In this study, we have assessed the miRNome of PBMCs from different phenotypes of HIV-infected people, which serves a purpose on screening crucial miRNA controlling gene expression in the context of HIV control and delayed progression. Despite this objective having been previously addressed by other research groups [63,64,65,66], no one has ever explored this issue through next-generation sequencing. This methodology offers many valuable advantages since it avoids design bias, cross-hybridization, and provides a wider dynamic range, more accuracy, and sensitivity [67]. Additionally, we have explored potentially regulated genes by DE miRNA relevant in the HIV cycle using an alternative approach that fuses network visualization and the HIV–host gene interaction database [36].
It is well established that viral infection has an impact on miRNA expression [68]. RNA interference is an ancient mechanism that plays a basic role in cellular functions as differentiation, cell cycle, and an innate antiviral defense. Hence, it was predictable that HIV developed weapons to counteract miRNA action as a survival strategy. Triboulet et al. [47] demonstrated that downregulation of Drosha and DGCR8, essential molecules in the putative miRNA synthesis process, enhanced viral production in vitro.
According to that, there are several examples of how HIV withholds miRNA synthesis machinery through a range of viral molecules known as RNA silencing suppressors (RSS) [19]. It has been proposed that the HIV Tat protein decreases miRNA expression due to the inhibition of Dicer machinery [69]. Our data support this tendency since samples from patients with an active viral replication (vLTNP and pre-TP) showed less total miRNAs/pre-miRNAs compared to EC-LTNP and post-TP individuals. Viral protein R (Vpr) may also act as an RSS, facilitating HIV infection of macrophages through Dicer ubiquitination and subsequent proteasomal degradation [70].

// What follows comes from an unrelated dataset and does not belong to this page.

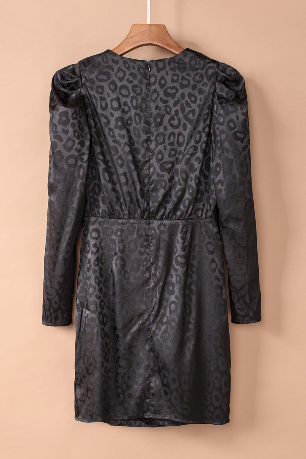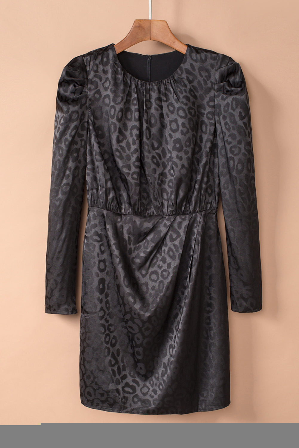 - Round neck, puff sleeves, ruched detail front and thigh-high length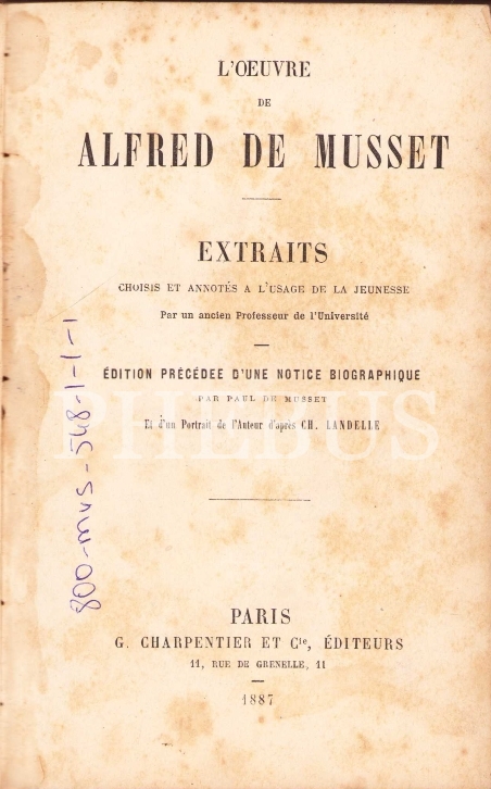 L'oeuvre De Alfred De Musset, Paris 1887, 540 sayfa, 10x17 cm

The existence of viral opposing forces to RNAi brings to light the relevance of miRNA in the host’s fight against the virus. Though its role in HIV control may be secondary and direct control of HIV mRNA could be easily overcome by 3′ UTR sequence mutation, miRNA exerts a fundamental role in the fine-tuning of inflammatory responses [71]. The dependence of HIV on host genes that participate in replication, such as NF-kB, explains the narrow relationship between miRNA shifts and HIV success. Thus, changes in the expression of host genes could be assisted by miRNAs, generating a favorable landscape for HIV control. In this paper, we have demonstrated a singular signature of miRNA expression associated with control of viremia and the rate of progression. Particularly, comparing miRNA profiles in patients before and after receiving ART, we have identified 18 miRNAs and 11 pre-miRNAs differentially expressed. Some of them have also been described by other authors [63,72] as hsa-miR-31-5p, strongly upregulated in patients under ART in our study or hsa-miR-18a-5p, downregulated after ART. The findings of Zhang et al. [72] correlate the higher expression of hsa-miR -31-5p to T cell protection against spontaneous and activation-induced cell death. Moreover, this miRNA was correlated with low viremia and high CD4+ T cell counts being significantly upregulated in elite controllers when compared to chronically infected HIV patients. These data support our results, showing an increase in hsa-miR-31-5p levels in typical progressors on ART. Respecting hsa-miR-18a-5p, it was described in [66] to be positively correlated to CD4+ T cell counts, although in this study we observed a lower level of expression in post-TP patients. It has been demonstrated that Vpr activation of HIV-1 LTR is dependent on HIF-1α, which is induced by Vpr activation of the oxidative stress pathway [41]. Typical progressors overexpress miR-18a-5p before ART administration in our study, which could be a post-transcriptional fine-tuning mechanism to counteract HIF-1α enhanced expression produced by Vpr action.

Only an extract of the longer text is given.